WHAT YOU WILL DO: Wherever a picture sits, omit it. Output the rest of the listing exactly.

PROVIDED MATERIAL:
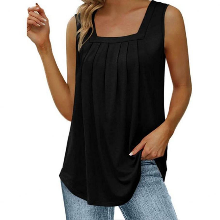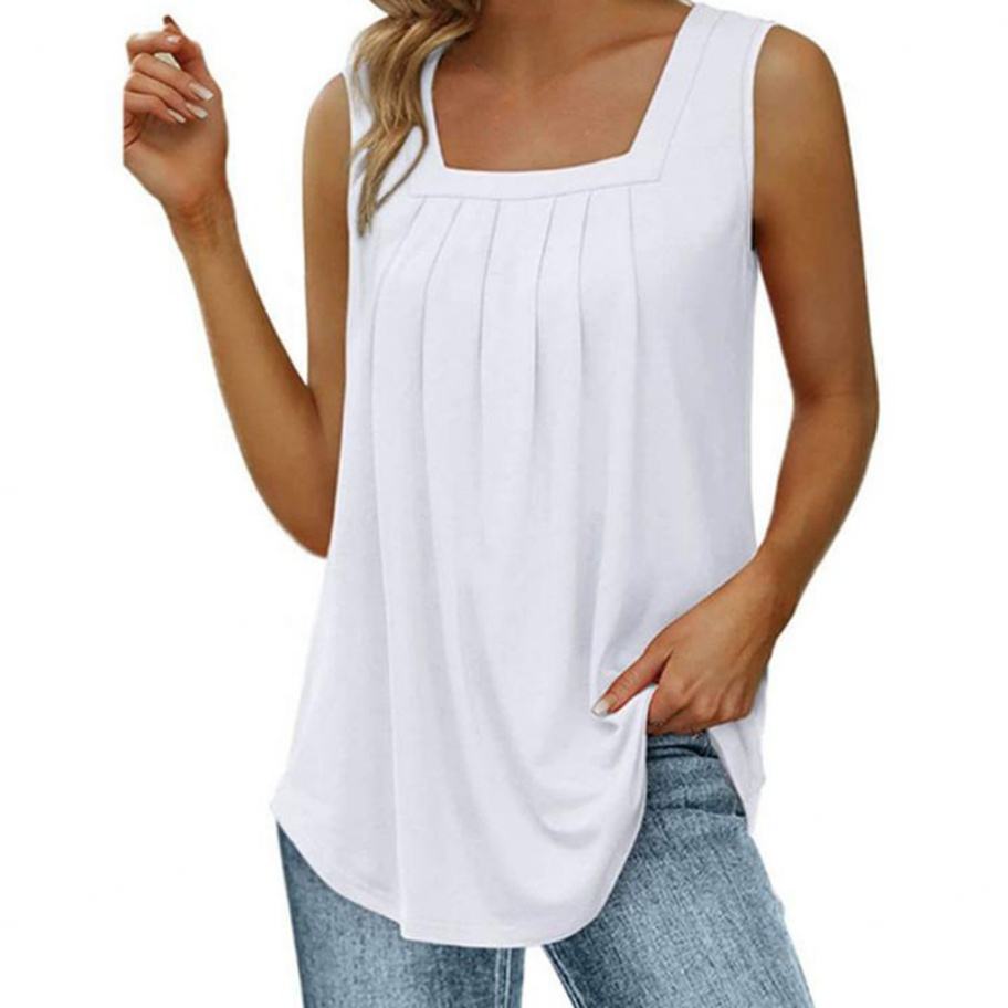 เสื้อแขนกุดคอเหลี่ยมสีพื้นสำหรับผู้หญิง พร้อมกางเกงยีนส์สีน้ำเงินสำหรับเดินเล่นในเมืองแบบสบายๆ
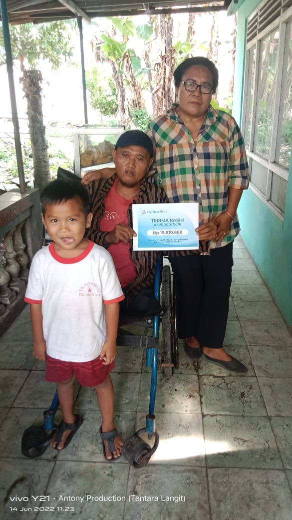 "Terima kasih sahabat baik yang telah mewujudkan mimpi dan harapan saya mempunyai armada dan sarana untuk berjualan kembali menggantikan apa yang saya sudah punya yang sudah usang dan tidak layak dan nyaman lagi untuk beraktivitas dan berdagang lagi. Semoga yang saya terima dapat menjadi berkah dan manfaat," sebutnya kepada tim berbuatbaik.id
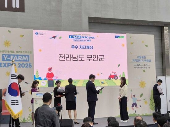 전남 무안군(군수 김산)이 지난 25~27일 사흘간 수원컨벤션센터에서 열린 'Y-Farm Expo 2025 귀농·귀촌 지역 살리기 박람회'에 참가해 귀농·귀촌 우수지자체 농촌진흥청장상을 받는 영예를 안았다.

OUTPUT FOR THIS TASK:
 เสื้อแขนกุดคอเหลี่ยมสีพื้นสำหรับผู้หญิง พร้อมกางเกงยีนส์สีน้ำเงินสำหรับเดินเล่นในเมืองแบบสบายๆ
 "Terima kasih sahabat baik yang telah mewujudkan mimpi dan harapan saya mempunyai armada dan sarana untuk berjualan kembali menggantikan apa yang saya sudah punya yang sudah usang dan tidak layak dan nyaman lagi untuk beraktivitas dan berdagang lagi. Semoga yang saya terima dapat menjadi berkah dan manfaat," sebutnya kepada tim berbuatbaik.id
 전남 무안군(군수 김산)이 지난 25~27일 사흘간 수원컨벤션센터에서 열린 'Y-Farm Expo 2025 귀농·귀촌 지역 살리기 박람회'에 참가해 귀농·귀촌 우수지자체 농촌진흥청장상을 받는 영예를 안았다.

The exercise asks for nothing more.